Purpose: Although survival of encapsulated thymomas is usually good, some patients present a higher incidence rate of recurrence and a shorter long-term survival. Abnormalities in the components of cell cycle checkpoints are extremely common among virtually all neoplasms. In this study, three components of the cell cycle machinery (i.e., p21, p27 and p53) were examined in a series of well-characterized encapsulated thymoma specimens to analyze coregulation and influence on recurrence and survival.

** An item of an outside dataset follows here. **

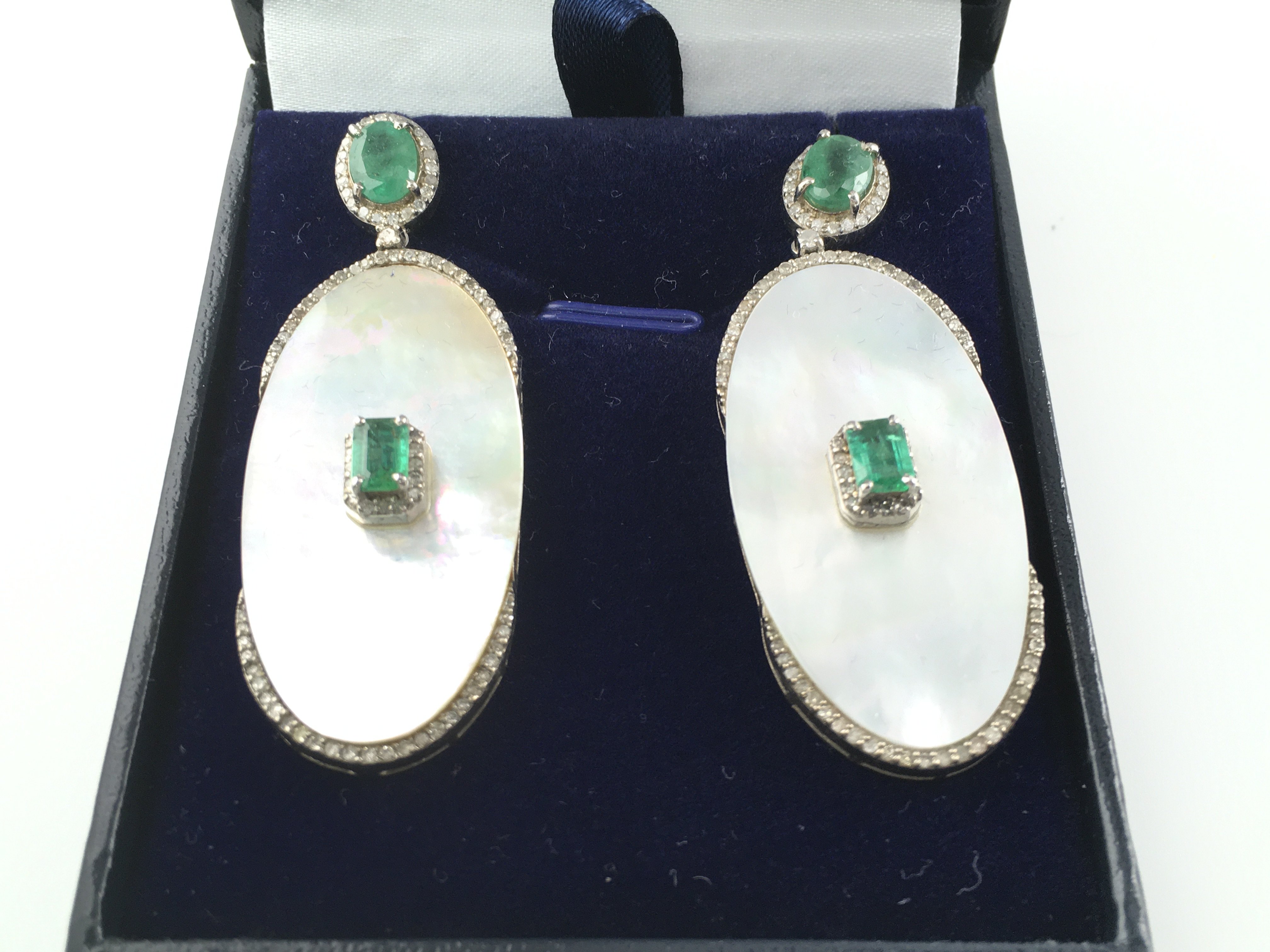 Pair of silver large drop earrings set with mother of pearl emeralds and diamonds. Mother of pearl 21.75ct emeralds 2.74ct and diamond 0.69ct.

Experimental design: Sixty-eight consecutive patients with thymoma were operated in our center from 1987 to 2000. Expression of p53, p21, and p27 was studied in specimens from 25 encapsulated thymomas using immunohistochemistry. Generic factors and gene expression influencing the probability of recurrence were studied. Positive expression was dichotomized defining positive when present in more than 5% of tumor cells. Mean follow up was 85.9 months; clinical data about recurrence were recorded.
Results: Univariate analysis suggests that positive p53 (P < 0.05), negative p21 (P = 0.01), and especially negative p27 expressions (P = 0.001) significantly correlate with poor prognosis for disease-free survival. Multivariate Cox regression analysis suggests that negative p27 immunohistology is the only significant variable for poor prognosis (P = 0.03; odds ratio, 0.08; 95% confidence interval, 0.01-0.88).
Conclusions: These results show that loss of control of cell cycle checkpoints is a common occurrence in thymomas and support the idea that functional cooperation between different cell cycle inhibitor proteins constitutes another level of regulation in cell growth control and tumor suppression.